When the rupture disc failed, the disc, or a piece of fusible plug left in the vent pipe during the replacement several months prior to the explosion, penetrated a bend in the piping, permitting the hydrogen to vent lower down in the area of the tanks as well as up the normal vent path, McCullough explained.

OSHA brought enforcement actions against the involved entities as a result of the findings from its investigation of the incident. Those actions initially consisted of 18 citations, nine each against the hydrogen vendor and Ohio Power Co. After an informal conference, the number of citations against each company was reduced to eight. Most of the citations were directed at the design and construction of the hydrogen system.

Reducing the Risk

After the incident, AEP took corrective actions to guard against future problems related to the handling of hydrogen at the plant.

"Muskingum River Power Plant employees and employees of plants owned by Ohio Power Co. and its sister corporations (AEP employees) took immediate action to prevent recurrence," McCullough said. "The remaining relief devices were verified as being the correct design and constructed with fusible plugs."

The hydrogen vendor was restricted to delivering only 2,100-psi hydrogen to the site (versus the typical 2,400 psi), and the vendors’ employees are now under observation by AEP employees using a defined procedure, the Job Hazard Analysis and Job Safety Assessment Checklist, McCullough explained.

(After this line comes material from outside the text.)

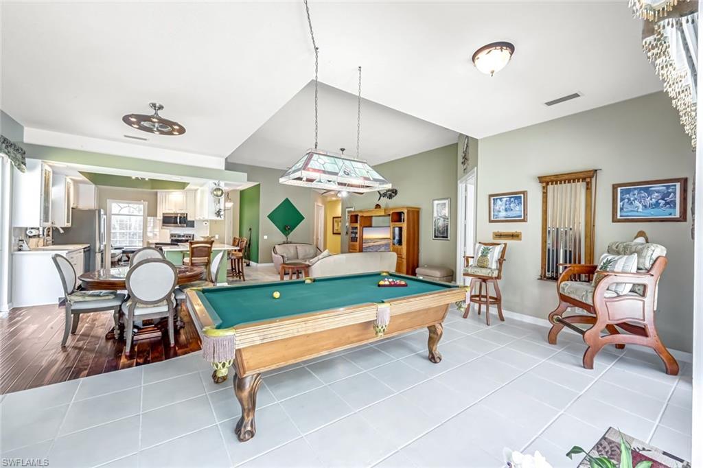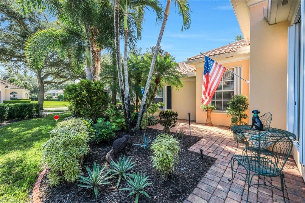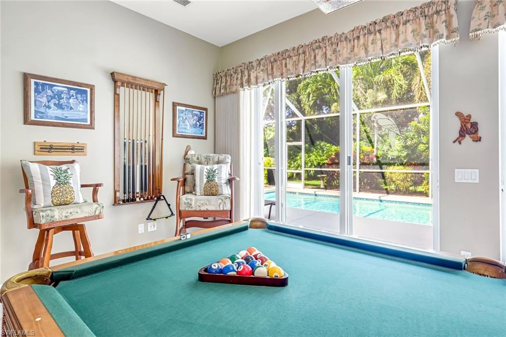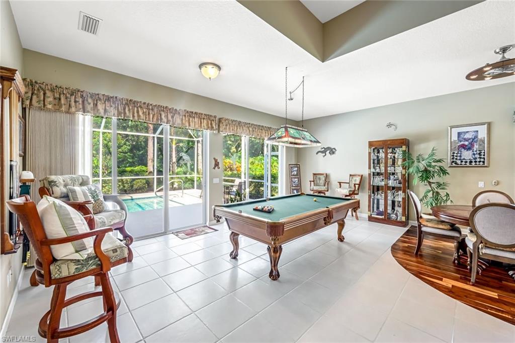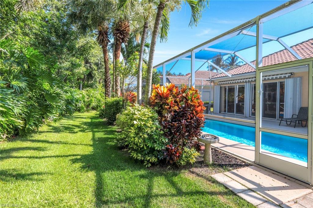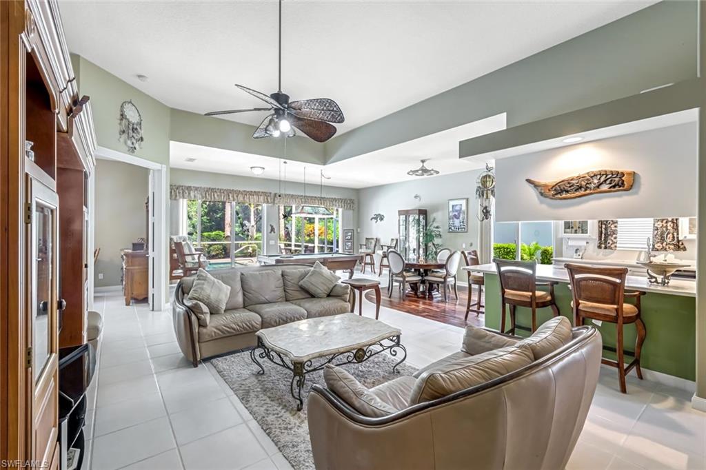 Feast your eyes on this Gorgeous Oakmont model 3 Bedroom and a Den home with the rarely available Extended Living area, which is conveniently located near the Front Entry Gate and only a short stroll to the Town Center. This home features tile throughout the living areas and a high-quality wood floor in the chef’s kitchen complete with stainless appliances and Corian countertops. Enjoy entertaining your family and friends by your own private heated pool adorned by lush tropical landscaping. There are upgraded accordion shutters for your peace of mind. The Washer and Dryer and Refrigerator were purchased in 2025. Located in one of Naples' most sought-after neighborhoods, residents enjoy access to exclusive amenities including Resort style pool, lap pool, Towncenter, Tennis, pickleball, bocce, fitness center, Restaurant, Beauty and Nail Salons, Car Wash, Gas Station and Post Office. Close to Naples’ sandy beaches, wonderful shopping, and dining, every convenience is within reach. LOW FEES include Amenities Galore, Landscape Care and HDTV and High-Speed Internet. Relax and enjoy the Naples lifestyle, come and see for yourself what Resort Living is like.

AEP has made other changes in plant operations to further ensure that no more hazardous incidents occur at the facility. "In addition to the procedure changes, the hydrogen system was redesigned and rebuilt to eliminate the use of rupture disc – style relief devices," he said. "Now a relief valve system is used that will reset once pressures have been reduced. The cylinders have been moved away from spaces occupied by people, and the structure is protected from vehicle encroachment and ignition sources."

Key Safety Lessons

In September 2005, a working group with CIGRE (International Council on Large Electric Systems) estimated that there may be more than 40,000 hydrogen-cooled generators in service around the world. Despite the large number of systems that use pressurized hydrogen to cool generators, for the most part, few incidents or problems occur. However, given the inherently hazardous properties of hydrogen, plant staff working with this flammable material need to regularly review both the equipment and handling procedures to verify that there are no problems.

This case history is intended to be helpful to personnel who deal with hydrogen used to cool the generators at their power plants. Proper management, including safe equipment design and construction and correct procedures for handling hazardous materials, can ensure safe results in dealing with this useful substance.
—Angela Neville, JD, is POWER’s senior editor.